What seems promising to be, in principle (says the man who is not embarking upon it himself) is subset selection by bootstrap sampling of the candidate covariates a handful at a time, applying a goodness of fit test such as the Hosmer-Lemeshaw found in ResourceSelection::hoslem.test after first filtering by log likelihood. I've done subset testing on 10,000x20 data on an underpowered machine using that method, so subsets of 20 covariates is feasible. The combination of 77 covariates taken 15 at a time, say, combn[77,15] \approx 3.527931e+15 , is too many to exhaust without an array of very large instance cloud resources operating in parallel (my guess). However, putting the survivors into a single- or double- elimination process may yield a useful selection.

Quick caveat: it's conceivable, but I don't know, that something akin to Bayesian autocorrelation may rear its head due to co-occurrences of n-grams in the text, words that are routinely followed or preceded by specific other words.

The second problem that I have in mind is data structure. It might be better with the lexical tokens as rows and the number of occurrences as the sole variable for the purpose of creating Bayesian priors and attacking from that flank Rank speculation.

Finally, a question. I'm certain that NLP packages among them address this class of problem. Are you open to searching among them for that functionality with me?

1 Like

Hye,
First thank very much for your response.

About the data I used, the words are the abstract of medical papers, so the vocabulary used is very rich and specific. The stop-words were already deleted but our variables are not only words, sometimes it group a of words, since the same word can have different meaning depending of the context.
My project is about pruning so I do the regression on different sample of of the data after deleting some of the variables. I deleted up to 85% of the variables.
Since so many of them exist one observation only, so I though it might certainly lead to overfiting and deleted them. Then I tried deleting be quantile of frequency. Since medical vocabulary is so rich most of the word only come back a few times in the data. For example in a table of 2052 variables, half of them only appear once, and 80% of the variables appear 5 times or less in the data table.
I tried doing the regression on a verry small sample of 20 variables i but still had the warning, after a look a the table used no variable was colinear to my response variables.
Is it so much of a problem if there are more variables isn't the PLS part of the regression regression supposed to deal with that.

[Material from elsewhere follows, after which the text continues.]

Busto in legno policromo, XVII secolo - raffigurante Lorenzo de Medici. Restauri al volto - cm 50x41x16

for the second problem my project is about predicting if a research paper shows a link between lung cancer and viral infection. Each line is a paper so am not if changing the structure is really possible.

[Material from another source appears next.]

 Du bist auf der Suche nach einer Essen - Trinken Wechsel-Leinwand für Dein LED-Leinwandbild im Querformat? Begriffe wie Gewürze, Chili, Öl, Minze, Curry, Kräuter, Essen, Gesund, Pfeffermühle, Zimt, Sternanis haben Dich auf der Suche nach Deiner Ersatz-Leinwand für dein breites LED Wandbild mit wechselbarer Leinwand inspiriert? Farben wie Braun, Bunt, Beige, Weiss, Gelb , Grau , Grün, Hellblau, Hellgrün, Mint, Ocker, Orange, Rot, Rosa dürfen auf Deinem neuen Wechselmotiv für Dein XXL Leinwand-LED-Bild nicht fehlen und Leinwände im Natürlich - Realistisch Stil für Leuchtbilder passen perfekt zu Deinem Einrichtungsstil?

Am doing some research on subset selection and try to apply it to, to see how it turns out.

Once again thank you for your response

1 Like

OK, gotcha. Let's see if I can summarize it abstractly.

  1. The goal is to develop a classification model of scientific papers that identify a link between viral infection as the treatment variable with lung cancer as the response variable.
  2. A criterion will be needed to identify those papers in the literature that deal with the subject matter at all. An algorithm is needed to do that. Possible strategies to do that can rely on some combination of keyword, n-gram or other NLP content of the papers, the classification of the publication in which they appear, their subsequence citation history and machine learning approaches tested against gold standard human classification.
  3. A representative limited dataset of papers know to address the relationship of interest and those known not to address the relationship can provide a test set to tune the classification algorithm.
  4. A design decision must be made as to the desired precision and recall.
  5. In combination, the rich set of potential features in the source material, its meta-information (such as type of publication) may call for reduction of the features to be considered directly. For example latent semantic analysis may provide a more tractable feature than individual lexical tokens.

It sounds like a fascinating and challenging project!

This topic was automatically closed 21 days after the last reply. New replies are no longer allowed.